Work order: List all lines in the material below that contain "Jubilee".

Records for processing:

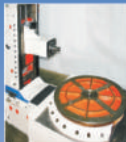
Rotary Table Ø1200 mm & 630 mm
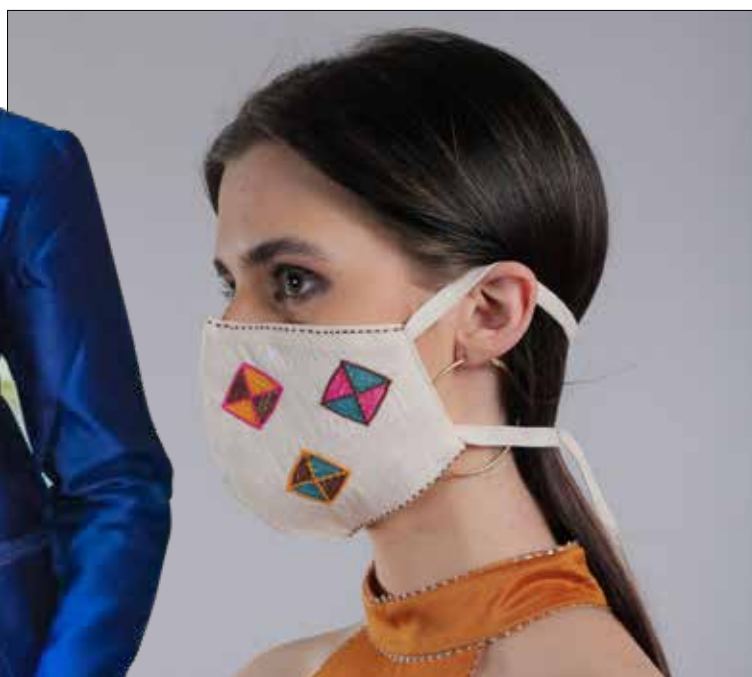
THE WOVEN THREAD / PUBALI SEN
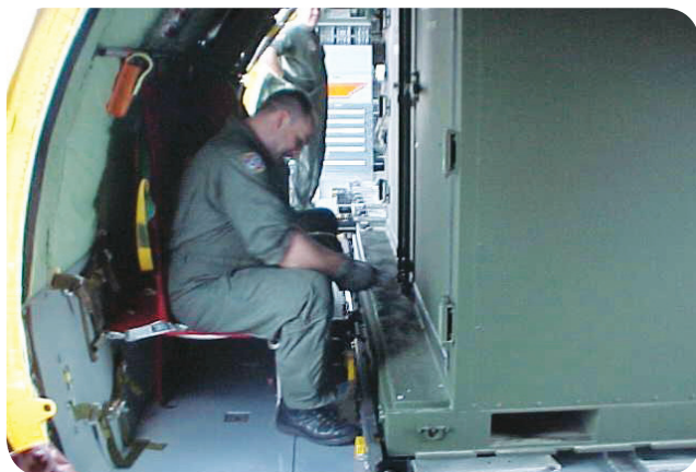
ISU® 70KCA with 8" aisleway making room for seats

*Above part numbers are for containers only; no accessories
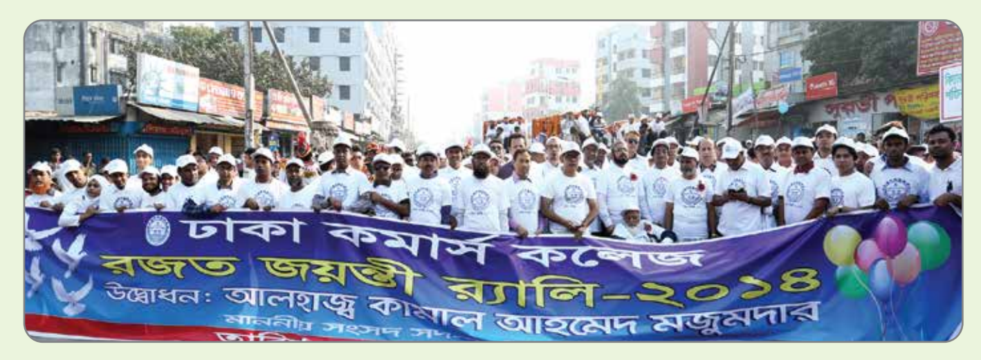
Silver Jubilee celebration program
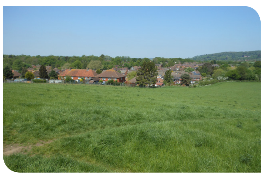
The buffer between the historic village and its the Seal Village Allotments, Jubilee Rise and Lulworth, School Lane extension

Exercise output:
Silver Jubilee celebration program
The buffer between the historic village and its the Seal Village Allotments, Jubilee Rise and Lulworth, School Lane extension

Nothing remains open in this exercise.